PROBLEM TO WORK ON:
Reproduce all of the data exactly. Images are not to appear in the reply.

INFORMATION SHOWN:
● ● ● ● ●

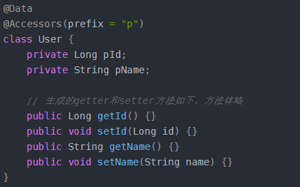 3、prefix:前缀,用于生成getter和setter方法的字段名会忽视指定前缀(遵守驼峰命名)
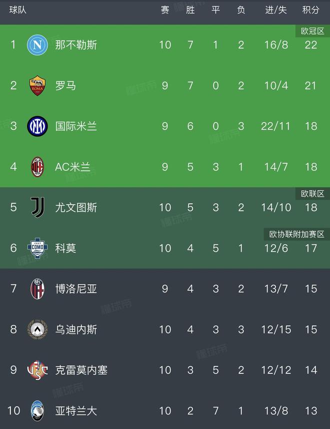 - 意甲 | 意甲最新积分战报:2场绝平,都灵绝杀,尤文倒下,罗马攀升第2
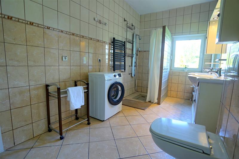 Na posesji znajduje się również mniejszy domek o powierzchni 18,83 m2, w pełni wyposażony w pokój i łazienkę. To świetne rozwiązanie jako domek gościnny, miejsce dla dorosłego dziecka, gabinet do pracy zdalnej czy przestrzeń pod wynajem.

● ● ● ● ●

RESPONSE TO THIS TASK:
 3、prefix:前缀,用于生成getter和setter方法的字段名会忽视指定前缀(遵守驼峰命名)
 - 意甲 | 意甲最新积分战报:2场绝平,都灵绝杀,尤文倒下,罗马攀升第2
 Na posesji znajduje się również mniejszy domek o powierzchni 18,83 m2, w pełni wyposażony w pokój i łazienkę. To świetne rozwiązanie jako domek gościnny, miejsce dla dorosłego dziecka, gabinet do pracy zdalnej czy przestrzeń pod wynajem.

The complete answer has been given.